*Assignment*. Every line in the listing below from the one with "2016年11月14日下午4" through the one with "干细胞不正常工作时,从肠化生" is to be reproduced exactly, both ends included; leave out the rest.

*Task input*.
+ + + + +
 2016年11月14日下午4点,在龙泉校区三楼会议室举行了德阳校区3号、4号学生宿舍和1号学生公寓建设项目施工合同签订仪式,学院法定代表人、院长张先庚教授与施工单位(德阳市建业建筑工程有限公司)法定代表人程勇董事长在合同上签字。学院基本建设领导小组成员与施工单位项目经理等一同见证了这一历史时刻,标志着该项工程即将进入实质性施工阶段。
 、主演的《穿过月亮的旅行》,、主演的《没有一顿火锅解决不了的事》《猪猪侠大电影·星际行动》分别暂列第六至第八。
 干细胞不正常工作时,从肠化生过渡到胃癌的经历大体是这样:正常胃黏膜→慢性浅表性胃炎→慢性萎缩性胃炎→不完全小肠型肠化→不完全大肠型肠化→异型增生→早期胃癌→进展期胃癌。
+ + + + +
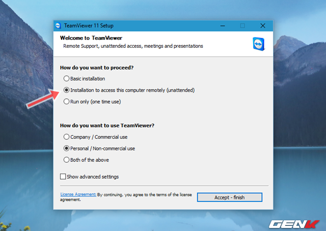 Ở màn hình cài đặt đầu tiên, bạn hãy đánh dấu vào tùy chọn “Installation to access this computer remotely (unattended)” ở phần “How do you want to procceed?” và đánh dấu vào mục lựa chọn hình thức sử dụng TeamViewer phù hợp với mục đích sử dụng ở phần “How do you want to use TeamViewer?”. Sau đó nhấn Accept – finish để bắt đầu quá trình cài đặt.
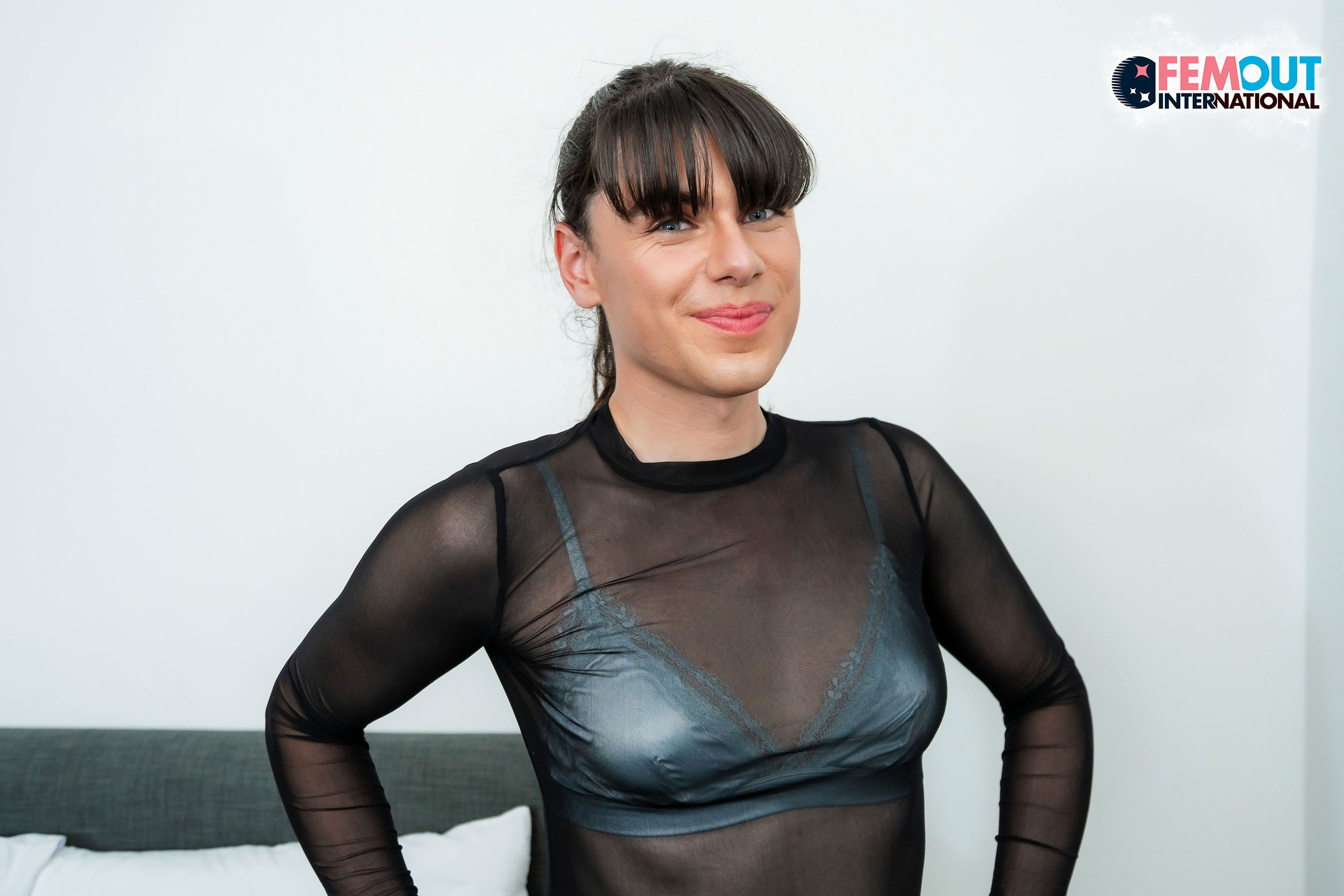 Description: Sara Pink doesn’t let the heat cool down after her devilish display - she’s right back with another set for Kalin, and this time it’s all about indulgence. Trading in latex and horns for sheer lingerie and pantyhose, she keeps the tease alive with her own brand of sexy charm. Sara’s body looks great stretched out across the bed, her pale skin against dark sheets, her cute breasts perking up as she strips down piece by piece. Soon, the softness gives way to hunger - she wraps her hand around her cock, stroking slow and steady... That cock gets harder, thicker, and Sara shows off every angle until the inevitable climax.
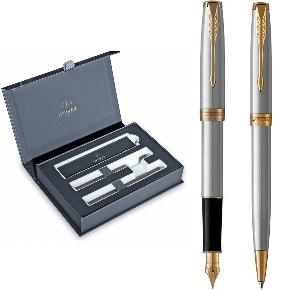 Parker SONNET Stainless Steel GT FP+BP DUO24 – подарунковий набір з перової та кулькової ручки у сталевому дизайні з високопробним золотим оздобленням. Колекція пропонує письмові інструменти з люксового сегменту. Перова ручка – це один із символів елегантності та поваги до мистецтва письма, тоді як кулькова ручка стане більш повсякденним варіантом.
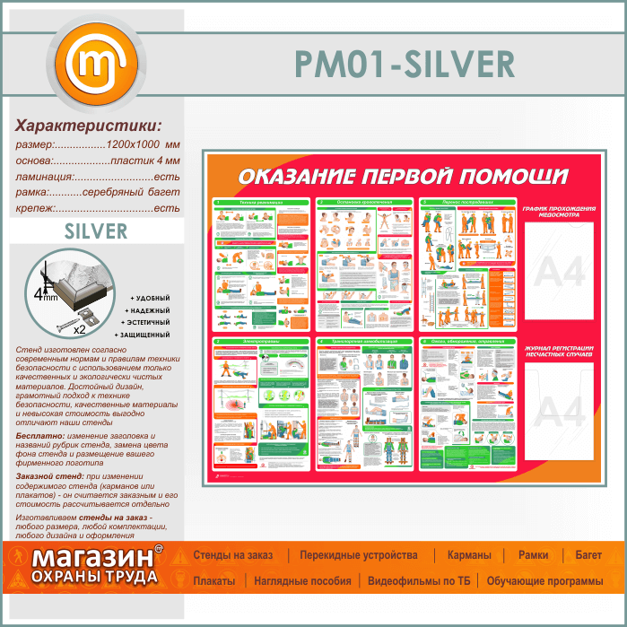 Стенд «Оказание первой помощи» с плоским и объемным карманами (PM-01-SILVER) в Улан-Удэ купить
+ + + + +
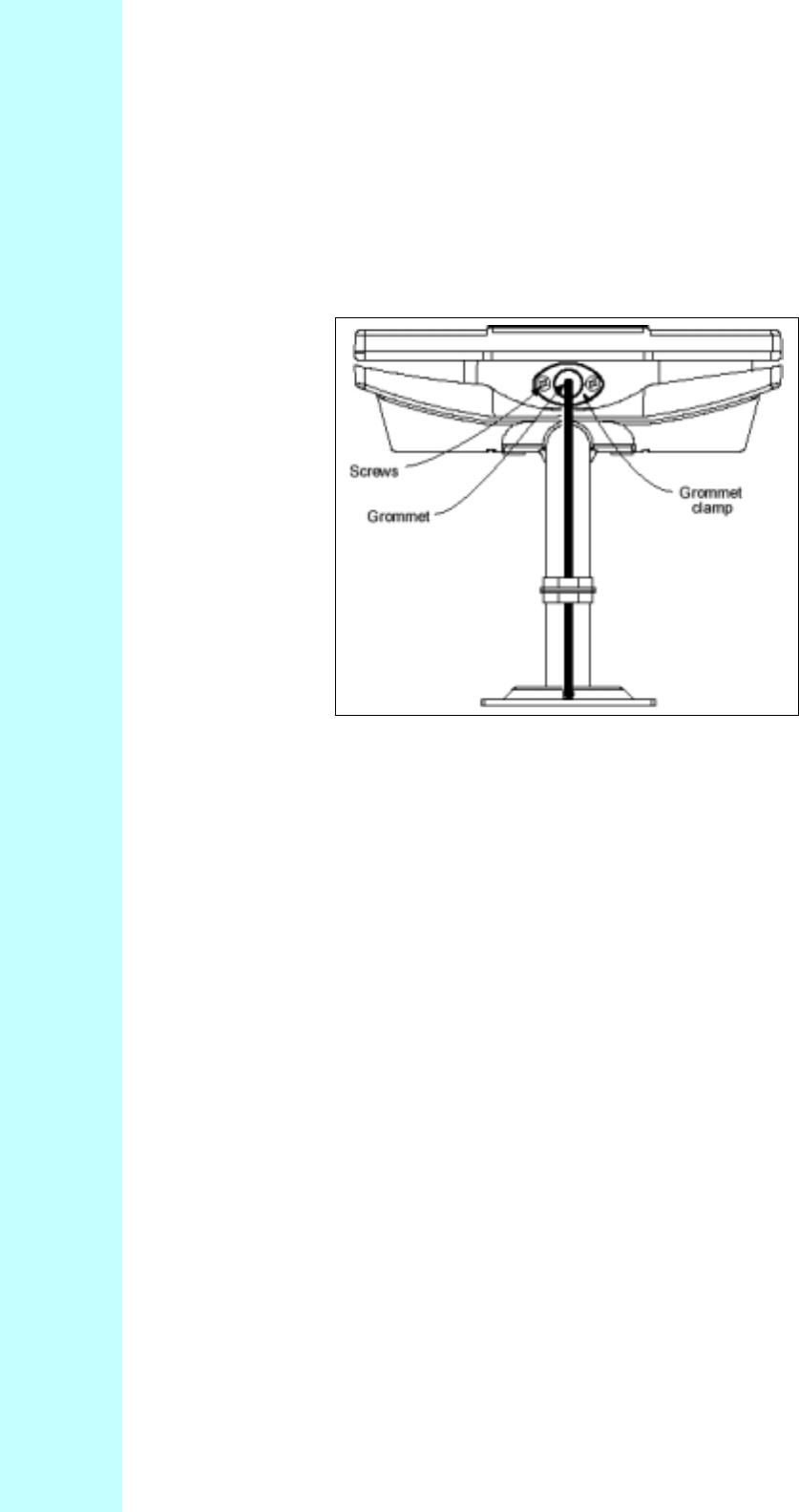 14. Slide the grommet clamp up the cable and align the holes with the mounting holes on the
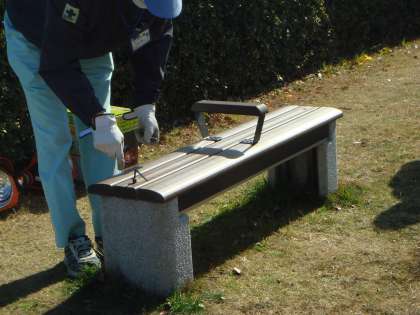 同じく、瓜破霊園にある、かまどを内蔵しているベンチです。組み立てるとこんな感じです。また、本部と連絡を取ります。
+ + + + +
*Exercise response*.
 2016年11月14日下午4点,在龙泉校区三楼会议室举行了德阳校区3号、4号学生宿舍和1号学生公寓建设项目施工合同签订仪式,学院法定代表人、院长张先庚教授与施工单位(德阳市建业建筑工程有限公司)法定代表人程勇董事长在合同上签字。学院基本建设领导小组成员与施工单位项目经理等一同见证了这一历史时刻,标志着该项工程即将进入实质性施工阶段。
 、主演的《穿过月亮的旅行》,、主演的《没有一顿火锅解决不了的事》《猪猪侠大电影·星际行动》分别暂列第六至第八。
 干细胞不正常工作时,从肠化生过渡到胃癌的经历大体是这样:正常胃黏膜→慢性浅表性胃炎→慢性萎缩性胃炎→不完全小肠型肠化→不完全大肠型肠化→异型增生→早期胃癌→进展期胃癌。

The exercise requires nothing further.